Stored data:
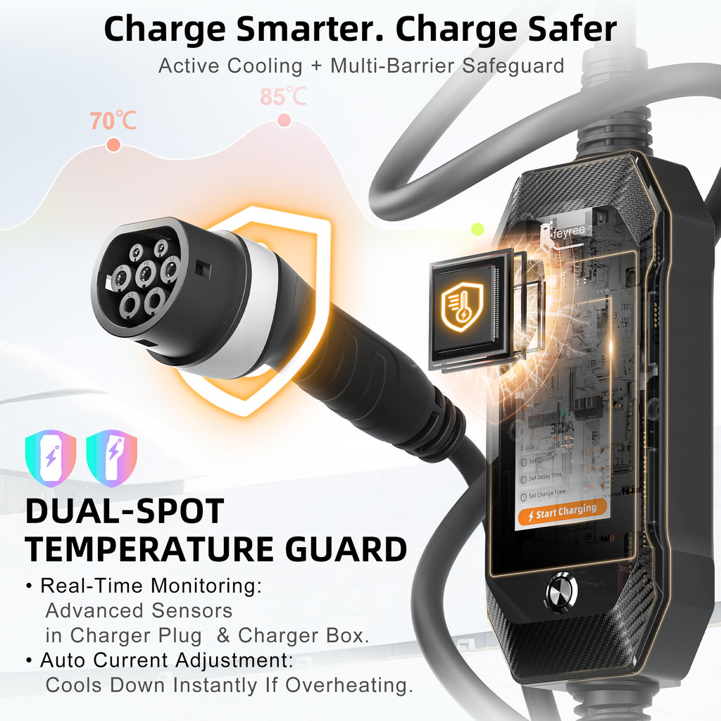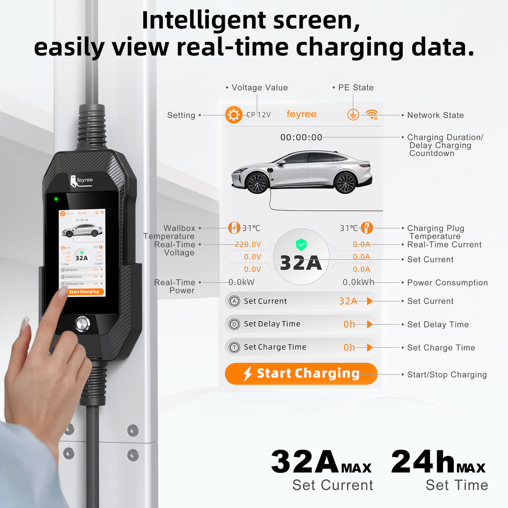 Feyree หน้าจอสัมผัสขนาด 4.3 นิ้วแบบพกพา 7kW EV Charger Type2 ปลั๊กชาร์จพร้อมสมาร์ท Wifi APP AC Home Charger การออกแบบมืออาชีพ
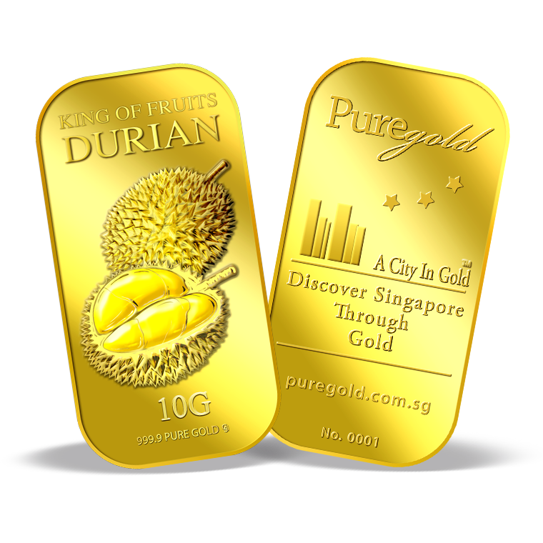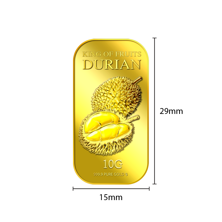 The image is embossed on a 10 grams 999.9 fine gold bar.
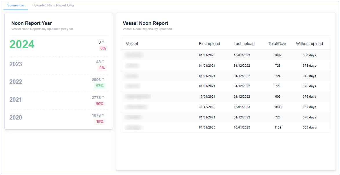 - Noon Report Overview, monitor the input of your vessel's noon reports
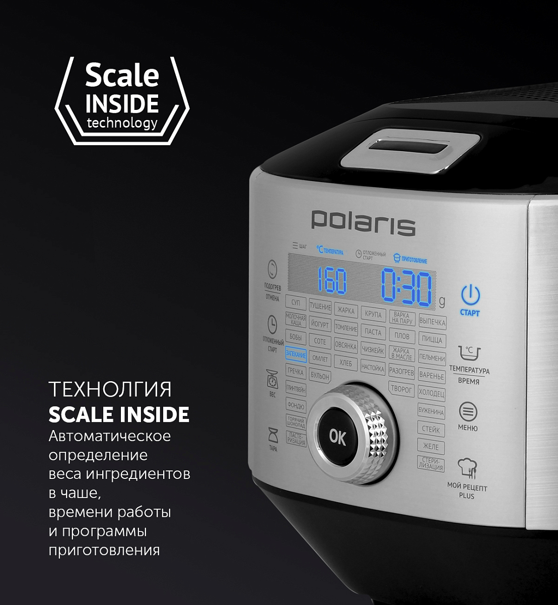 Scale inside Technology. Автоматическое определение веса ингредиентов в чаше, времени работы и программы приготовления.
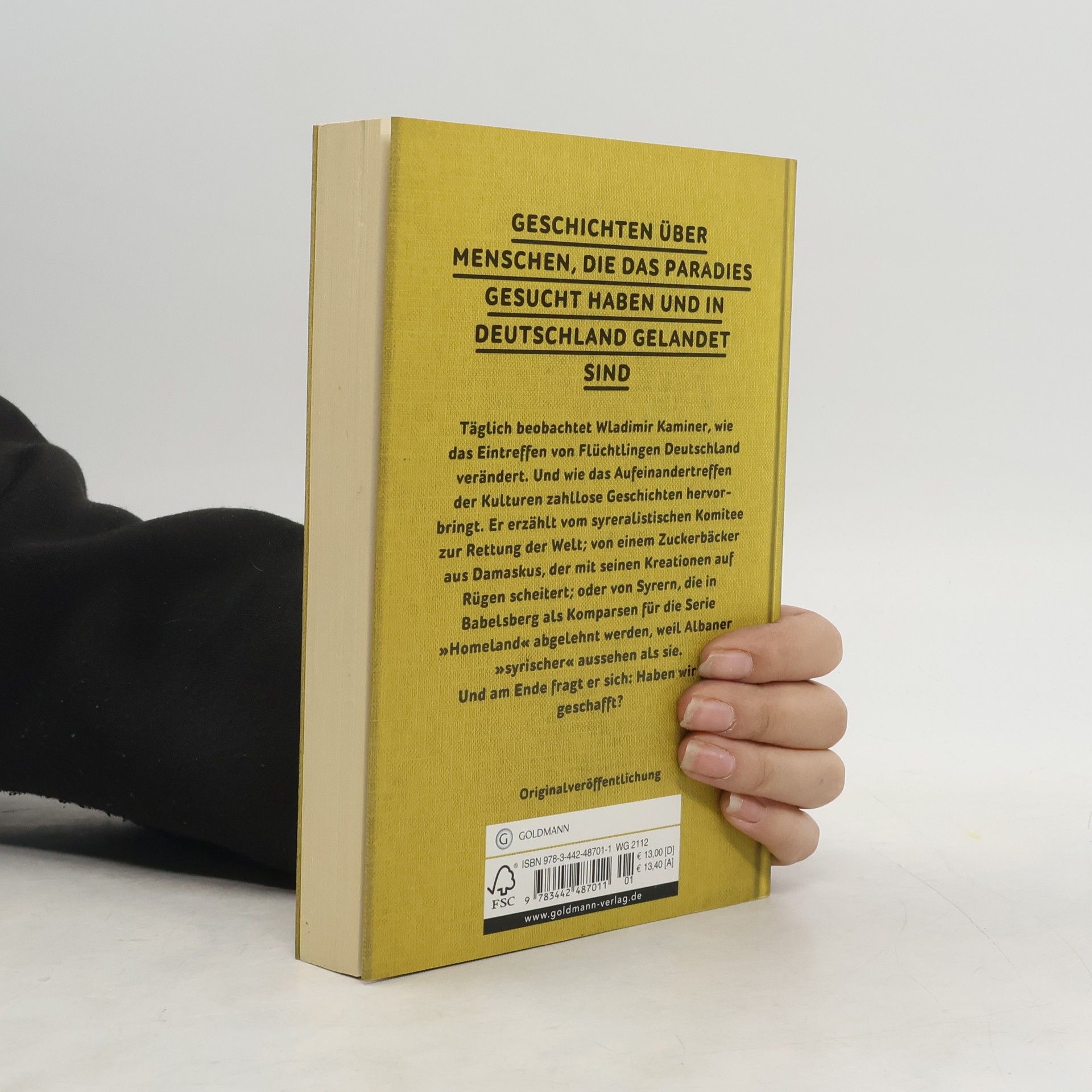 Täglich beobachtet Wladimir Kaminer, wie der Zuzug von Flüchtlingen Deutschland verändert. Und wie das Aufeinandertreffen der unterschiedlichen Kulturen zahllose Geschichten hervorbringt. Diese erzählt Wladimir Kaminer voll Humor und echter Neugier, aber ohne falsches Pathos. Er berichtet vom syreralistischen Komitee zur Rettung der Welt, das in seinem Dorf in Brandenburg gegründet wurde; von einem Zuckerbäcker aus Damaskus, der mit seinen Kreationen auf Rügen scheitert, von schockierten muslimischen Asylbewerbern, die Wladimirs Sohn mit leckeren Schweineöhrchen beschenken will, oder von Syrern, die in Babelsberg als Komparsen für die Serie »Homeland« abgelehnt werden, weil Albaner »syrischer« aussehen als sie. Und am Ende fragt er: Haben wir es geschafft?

* Exercise goal:
The required output is the exact run of lines from the start of the records through the line containing "Scale inside Technology.", both ends included, with no pictures.

* Written reply:
 Feyree หน้าจอสัมผัสขนาด 4.3 นิ้วแบบพกพา 7kW EV Charger Type2 ปลั๊กชาร์จพร้อมสมาร์ท Wifi APP AC Home Charger การออกแบบมืออาชีพ
 The image is embossed on a 10 grams 999.9 fine gold bar.
 - Noon Report Overview, monitor the input of your vessel's noon reports
 Scale inside Technology. Автоматическое определение веса ингредиентов в чаше, времени работы и программы приготовления.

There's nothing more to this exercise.